Peak calling was performed using MACS (v.2.1.1) with the “--nomodel --shift -100 --extsize 200 --keep-dup all” option after shifting nucleosome-free region reads with the offset by +4 bp in the positive strand and by –5 bp in the negative strand.

Overlap enrichment analysis

The overlap between genomic regions and annotated intervals was examined using Fisher’s exact tests as implemented in the fisher.test() from R library stats (v.3.6.1). Ensembl Regulatory build annotations (v.20180516) were sourced directly from Ensembl.

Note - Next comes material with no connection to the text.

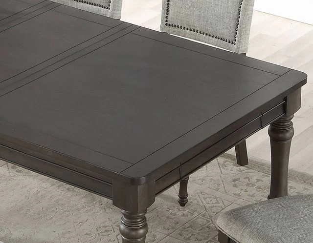 Linnett dining takes traditional dining styling and adds a modern twist to create a collection that is as comfortable as it is stylish. A choice of upholstered or wooden back side chairs gives you the option of mixing and matching the collection to suit your own personal style. The table extends to a full 84 inches with leaf to seat up to eight.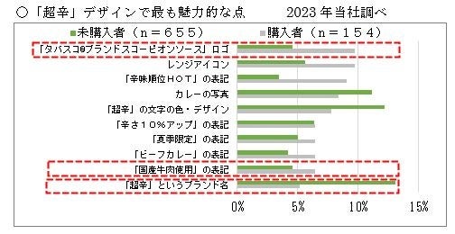 未購入者はタバスコ®ブランドスコーピオンソースのロゴや「国産牛肉使用」「超辛」といった表記に魅力を感じていることから、こうした差別化要素をさらに訴求するパッケージへのブラッシュアップが求められています。

Epigenome-based clustering of cis-regulatory elements

ATAC–seq peaks identified using MACS2 were pooled across cell types using DiffBind (v.3.8.4)90 to identify consensus peaks with re-centred summits. Twenty 200 bp bins surrounding peak summits were selected to capture the chromatin state ±2 kb from accessible regions, in which the log2(enrichment over input) values of ChIP–seq signals were extracted as input for dimension reduction through UMAP91 and subsequently clustered through HDBSCAN92 as implemented in cuML (v.23.02.00). For UMAP, correlation distances were used together with a grid search over min_dist of [0.0, 0.01, 0.1], n_neighbors of [15, 30, 50, 70, 100] and n_components of 2–10, and the resultant embeddings were all subjected to HDBSCAN clustering to identify epigenetically distinct clusters through visual inspection. For HDBSCAN, a grid search over min_cluster_size and min_samples over [50, 100, 200, 500, 1,000] were tested. In a semi-supervised fashion, individual clusters were isolated and subjected to further subclustering until the embedding no longer exhibited distinct segregation of data points for any individual epigenetic signal. We assessed the epigenetic profiles within each cluster and categorized the major clusters (that is, clusters 1, 2 and 4) as follows: active clusters were characterized by high levels of H3K4me3 and H3K27ac marks. Bivalent clusters exhibited high levels of H3K4me3 and H3K27me3 marks. Poised clusters were specifically marked by high H3K4me1 levels. Promoters that overlapped with each category of open sites were considered active, bivalent or poised promoters, whereas promoters that did not overlap with open sites were considered silent promoters. Active, bivalent and poised enhancers were defined as the open sites within each cluster that did not overlap with promoters. Open sites that did not fall into any of these categories (active, bivalent or poised) were classified as silent enhancers. To investigate enhancer-mediated gene regulation, we focused on genes with TSSs located within a proximity of 10 kb both upstream and downstream of the enhancers.

Statistics and reproducibility

PCA was performed using the prcomp function in R. Unsupervised hierarchical clustering was performed using the hclust function with the “method = “ward.D2”” option based on the Euclidean distance calculated by the Dist function in the amap package in R. Welch’s t-test was performed using the t.test function with the “paired = TRUE” option in R (Fig. 1d) or the T.TEST function in Excel (Extended Data Fig. 5g). Tukey–Kramer test (Extended Data Fig. 9k) was performed using the TukeyHSD function in R. Two-sided Dunnet’s test (Extended Data Fig. 10l) was performed using the SimTestDiff function with “type = “Dunnet”” option from the SimComp package in R. Paired two-sided t-test (Extended Data Fig. 10l) was performed using the t.test function with the “paired = TRUE” option in R. t-test with Bonferroni correction (Fig. 5g and Extended Data Fig. 12d) and Wilcoxon rank-sum test (Fig. 5f) were performed by the geom_signif function in the ggsignifr package in R. Cohen’s d values were calculated using the cohens_d function from the rstatix package in R (Extended Data Fig. 9m). Data from single experiments are shown in Fig. 1g, Extended Data Figs. 1b,d, 2h, 4j,k,m,n,s, 9k and 10c,d and Supplementary Fig. 1d.

Reporting summary

Further information on research design is available in the Nature Portfolio Reporting Summary linked to this article.